**Exercise objective:** Write out the listing below exactly, and omit any images you find in it.

**Given data:**
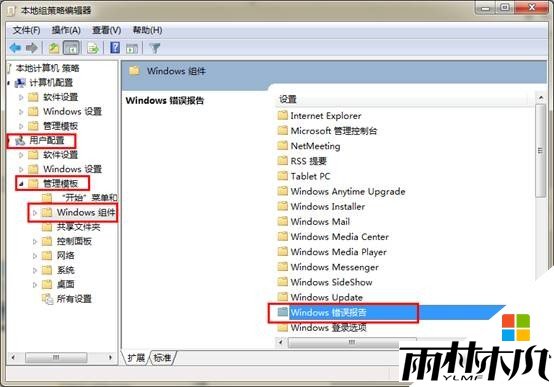 2、依次点开“用户配置”——“管理模板”——“Windows组件”——“Windows错误报告”选项;
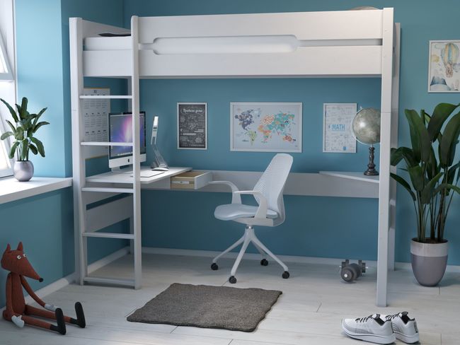 Кровать-чердак «Амелия» можно дополнить письменным столом. Две односпальные кровати Амелия легко превращаются в двухъярусную конструкцию. Также доступен защитный бортик Сиело Люмио. Ножка кровати имеет сечение 60х60, а царга — 170х20.
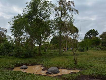 Early in the morning we headed to Punta Cormorant with its green beaches dotted with sea turtle tracks. Along the bushes some pelicans rested, attentively watching the ocean looking for fish. After walking a long the trail awhile, we reached a brackish lagoon occupied by some flamingos, black necked stilts, pintails and whimbrels feeding on crustaceans, while along the palo santo trees yellow warblers fluttered indicating the arrival of rainfall. We arrived at the second beach which, white in color, contrasted with the olivine beach we first visited. We observed a turtle dragging its heavy body to the ocean, leaving behind the evidence of hard work. It takes great stamina to make the nest, lay her eggs and make her way back to sea.

**Answer below:**
 2、依次点开“用户配置”——“管理模板”——“Windows组件”——“Windows错误报告”选项;
 Кровать-чердак «Амелия» можно дополнить письменным столом. Две односпальные кровати Амелия легко превращаются в двухъярусную конструкцию. Также доступен защитный бортик Сиело Люмио. Ножка кровати имеет сечение 60х60, а царга — 170х20.
 Early in the morning we headed to Punta Cormorant with its green beaches dotted with sea turtle tracks. Along the bushes some pelicans rested, attentively watching the ocean looking for fish. After walking a long the trail awhile, we reached a brackish lagoon occupied by some flamingos, black necked stilts, pintails and whimbrels feeding on crustaceans, while along the palo santo trees yellow warblers fluttered indicating the arrival of rainfall. We arrived at the second beach which, white in color, contrasted with the olivine beach we first visited. We observed a turtle dragging its heavy body to the ocean, leaving behind the evidence of hard work. It takes great stamina to make the nest, lay her eggs and make her way back to sea.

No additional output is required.